In New York, the euro was steady at 151.34 yen, just below previous day’s record high of around 151.68 yen. The dollar edged lower against the yen at 117.85 yen as the White House lowered its forecast for US economic growth this year and next, saying the economy is moderating. Analysts and traders also said the dollar came under pressure earlier on speculation that the October unemployment rate could be revised higher. The talk died down after an assistant commissioner at the US Bureau of Labour Statistics, dismissed the rumour.
The yen fell on November 20, after a weekend meeting of the Group of 20 economic powers in Australia yielded few comments on the yen's weakness or on carry trades.

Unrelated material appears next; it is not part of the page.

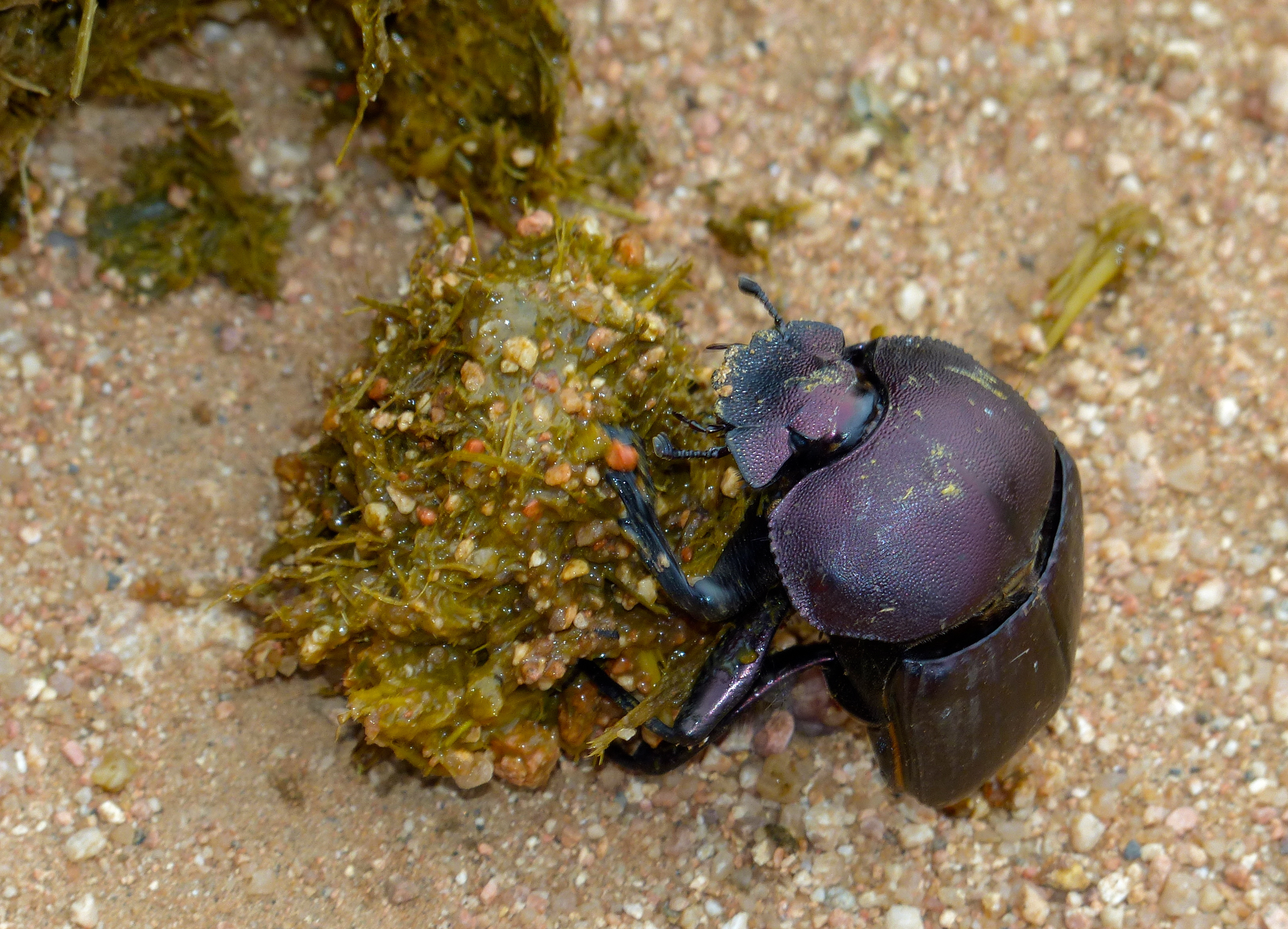 Rabelais Loop, East of Orpen, Kruger NP, SOUTH AFRICA

Some analysts said the build-up of short positions in the yen - in which investors bet the currency, will drop - potentially left it vulnerable to a sharp correction. The biggest mover against the yen after the G20 meetings has been the New Zealand dollar - the highest-yielding currency among the most liquid currencies in the world. Against the US dollar, the New Zealand dollar was flat at US $0.6707. The euro also was slightly higher against the dollar at $1.2845. Sterling edged higher against the dollar and euro supported by data that showed British industrial orders for November were not as weak as analysts had expected. Euro was trading down a little at 67.53 pence and sterling was up a touch at $1.8988.

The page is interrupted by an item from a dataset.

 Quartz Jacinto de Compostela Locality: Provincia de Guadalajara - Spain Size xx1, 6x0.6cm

On November 22, the dollar fell to a 5-1/2-month low against the euro and a two-month low against the yen as thin trading volume exaggerated the impact of souring views on the greenback. Investors sold dollars overnight to pare risk within their portfolios ahead of holidays on November 23 in the United States and Japan. A softer-than-expected reading of US consumer sentiment in November added to the dollar's weakness. Dollar bears were all over the market, even ahead of the holidays.
The euro had surged to its highest since June 5, at $1.2957, within reach of the top of its 1-1/2-year trading range at $1.2980, according to Reuters data. In New York it traded around $1.2936. The dollar was down about one per cent at 116.44 yen, near a two-month low, its largest daily decline since late June. The key level for many dealers is $1.30 in the euro, a level not touched since April 2005. While many dealers said this week's dollar weakness is the result of selling by short-term investors, a break of the $1.30 level could draw out long-term accounts such as institutional investors.

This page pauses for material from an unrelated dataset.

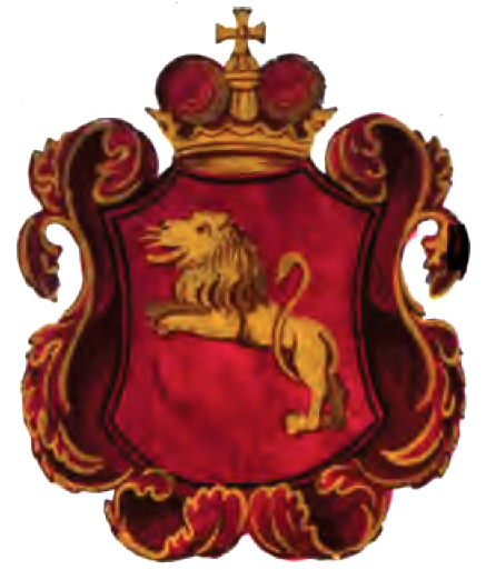 Coat of arms Belarusian noble family Princes Žyžemski.

Some market participants said so-called carry trades - where investors borrow in a low yielding currency such as the yen to buy a higher yielding one - were being unwound ahead of the US and Japanese holidays, the result perhaps of a pull-back in risk taking. Indeed, the currencies that rose the most against the dollar were those that has the lowest yields among the most liquid currencies in the world: the yen, Swiss franc and Swedish crown.
The dollar fell 1.1 per cent against the Swiss franc to 1.2266 francs, a 2-1/2-month low. Against the Swedish crown, the dollar dropped to the lowest since April 2005, at 7.0039 crowns. Also while the New Zealand dollar - the highest yielding currency among the most liquid - was up about 0.2 per cent against the dollar at $0.6710, it was down 0.8 per cent against the yen, at 78.34 yen. Sterling rallied against the dollar as the greenback's steep decline against all major currencies overshadowed the release of minutes from the Bank of England's last policy meeting.
The US markets were closed for the Thanksgiving holiday and Japanese markets were shut for the Labour Thanksgiving holiday on November 23. In trade thinned by the holidays, the euro got a lift after Germany's Ifo business climate index rose to 106.8 in November, beating expectations for a fall to 105.2.